Each decision a woman makes is her own and purely situational. Only she can know what is best for her and her family and it's sad that anyone would judge that.

I enjoy your blog, I'm looking forward to your book, and I hope you continue keeping us posted on all of your great works (including motherhood)

beki (January 13, 2011 9:53 AM)  

wonderfully said, christine. i applaud you!! keep

maya (January 15, 2011 9:43 PM)  

beautiful. you don't need to support yourself without his help, you need him in this dream life you've worked for, & you work constantly for all of that. and he works to provide for you, no? it's amazing how we want to compartmentalize when we're dealing with money, but family cannot be compartmentalized, it can only be added to, overwhelmed, simplified, & layered some more. vijay is so lovely. i can't wait to see him in person!

Irma (January 20, 2011 8:14 PM)  

I loved reading this post...many points really hit home with me.
I still work in my field (1x/wk), and you wouldn't believe the questions that come from 'well meaning' folks, with the most popular being:"When will you pick up more hours now that your kids are going to preschool/K?
It would be easier if it came from strangers, but when it's family & relatives, ugh...holidays and get togethers take on a whole new meaning.
Truth is, we value raising our kids above keeping up with the Jones'. Your post, and the following replies made me realize how many like-minded, creative women are out there.
Kudos to you!

jessica (December 15, 2011 4:52 PM)  

I came to your blog via the Squam Staff page and I have no idea how I stumbled upon/chose this post to read, but I did.
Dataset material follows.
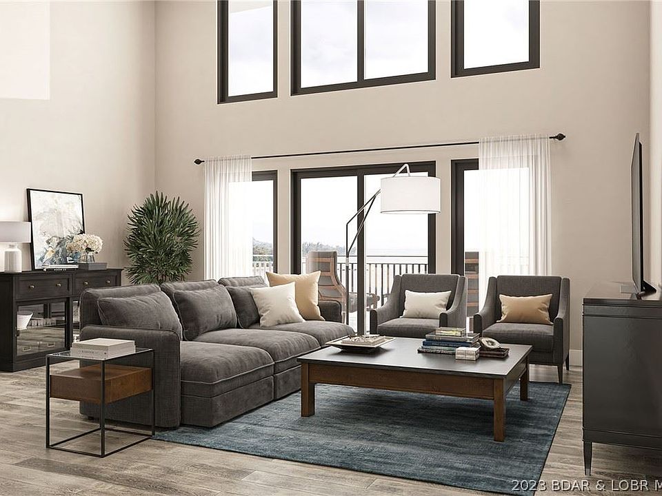 Top floor condo at Lake of the Ozarks hottest luxury condo development! Elevating the experience of condominium living through resort-style aesthetics & first-class amenities. This top floor unit features vaulted ceilings and a wall of windows like you have never seen in a condo at the lake! One building with 39 units, all situated on 6 acres in a prime development spot. Breathtaking views, gentle topography, cove protection & close to every amenity you could ask for. Ample parking, private garages for cars/golf carts available, trailer parking, boat ramp, boat slip options & a resort style pool. Pool will feature cabanas, lounge chairs, and an outdoor kitchen. A true oasis with walking trails, lakeside firepit, clubhouse, fitness center & so much more. Quality construction with elevator, metal roof, hard siding & great finishing options. Construction to be completed in 2023, only 8 units left, so you better hurry.
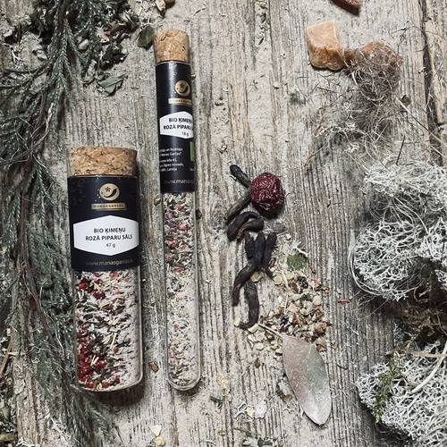 Īpaši aromātisks sāls – garšvielu maisījums, kuru esam iecienījuši paši, kā arī mūsu klienti. Latviskā, ierastā ķimeņu garša lieliski sader ar rozmarīna un rozā piparu garšas niansēm, kopā radot patiešām baudāmu piedevu dažādiem ēdieniem.

I am a stay at home mom who has her kid in daycare four days a week in order to try and start my own personal life as an artist. i made 700 dollars last month (and trust me, that's a one time fluke so far, but i'm working hard!)from my art and it's the proudest money I've ever earned. A lot of people would not, do not, understand nor agree with me not working "a real job" while my kid is also in daycare. i get a lot of flak from the people closest to me, but as you said, it's high time we stop judging and start encouraging. and i'm thrilled to have read this post and know where you are now!